Regardless of where one falls on U.S. immigration, no one disputes that there is a public health crisis at our southern border. Congressional delegations have shown it. The press has reported it. The Department of Homeland Security’s Office of Inspector General has confirmed it. The Vice President has acknowledged it.  

The real question is, can our elected leaders put the name calling aside, for just a moment, and take action, in the name of our common humanity, to do the right thing to alleviate the suffering of people in U.S. custody who came to America in search of asylum? 

There’s a time and place for politics.  Budget battles, tax plans, public spending – lawmakers and administration officials should have differing positions on these matters. It’s what makes our country strong, and embodies the checks and balances the founding fathers envisioned, which have endured even in today’s polarized era. 

But what cannot be up for discussion is whether anyone detained in America, no matter how they arrived here, should live in a place where there is an overwhelming smell of urine and feces, where basic hygiene and life-saving medical care are denied. We cannot force people in U.S. custody to sleep on concrete benches, or separate children from their parents.  The current situation is cruel and untenable.

And yet that’s exactly what’s happening in America today. The treatment of children and families along our southern border should shock us to our core, and compel officials to put their differences aside and correct it. Instead, government officials have gone to court to defend America’s right to deny migrants toothbrushes, soap, showers, and towels.  

Is this really what the United States stands for? 

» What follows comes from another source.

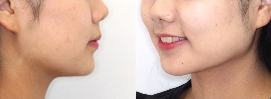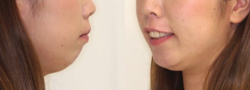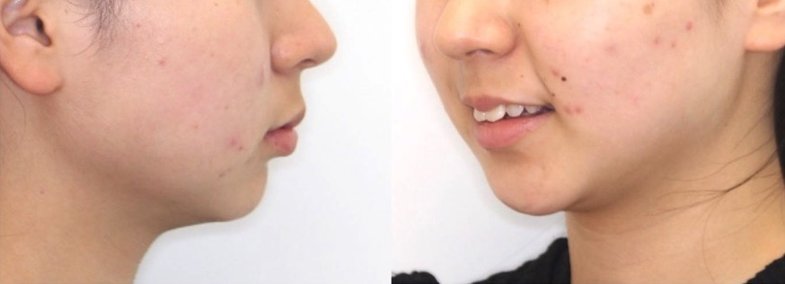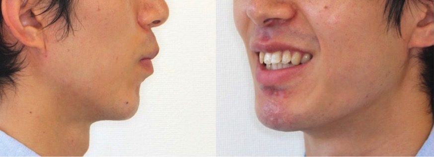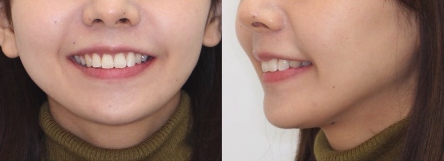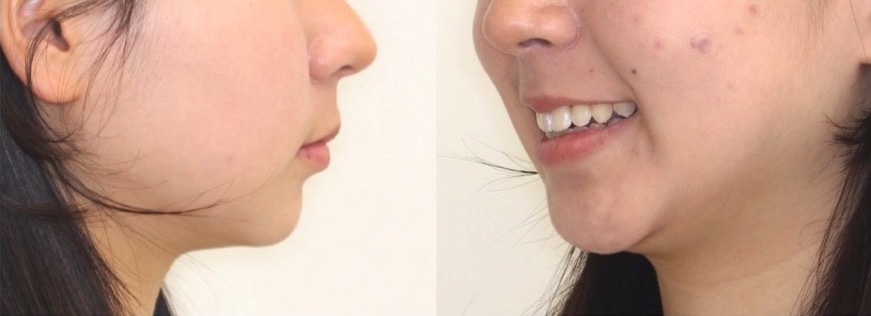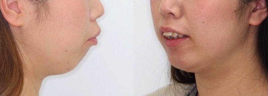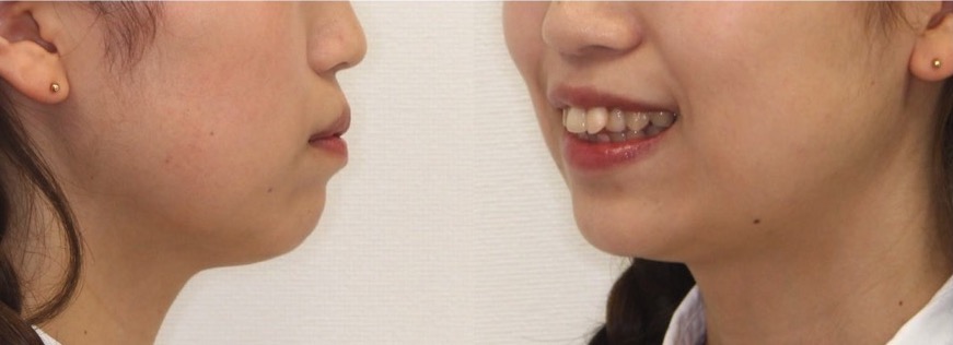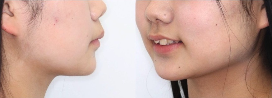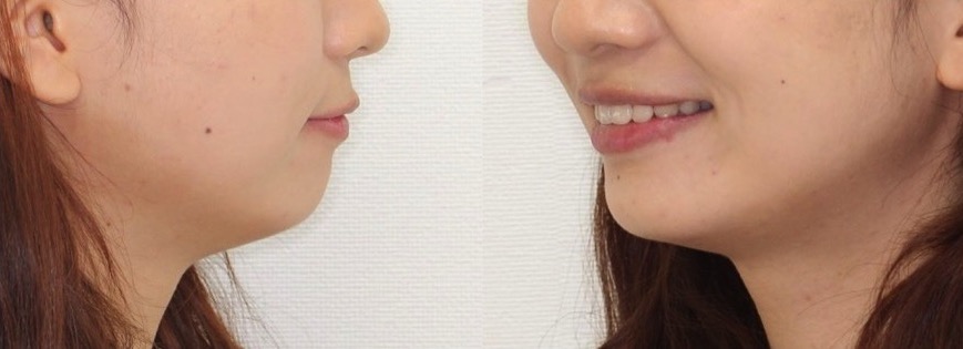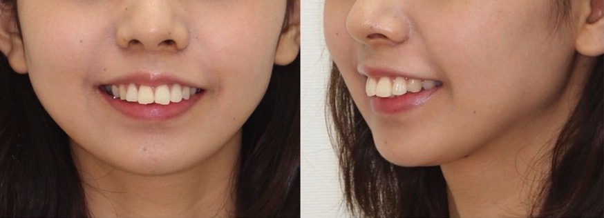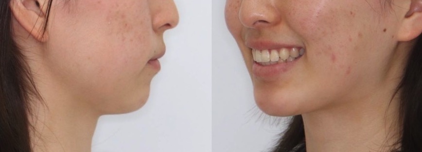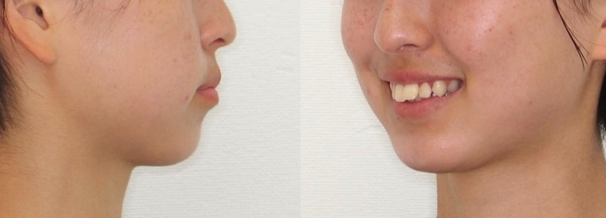 女子の場合は15歳くらいまでは、成長を利用した矯正治療が可能です。成人の方では、抜歯になるような症状でも非抜歯で矯正治療を行う事が可能です。下顎の前方への骨格成長もあり、口元が突出が減り横顔も変化させる事ができました。

Part of what distinguishes America as the greatest nation on earth is the civility we bestow on those who break our rules.  Even some of the country’s most notorious imprisoned criminals aren’t crammed into fenced cages and denied a chance to bathe. They are, at minimum, given a bed to sleep on, food to eat, and access to medical care.

Comprehensive immigration policy and border security deserves to be debated. But politicians must resist the reflexive urge to dig in and politicize the public health crisis at the border.  It demands immediate action to ensure beds, shelter, medical needs, access to showers, and other basic necessities are available to those in U.S. care.  

The time for political photo ops is over.  It’s time our nation’s leaders work together to fix this problem.   

Lyndon Haviland DrPh, MPH, is a distinguished scholar at the CUNY School of Public Health & Health Policy.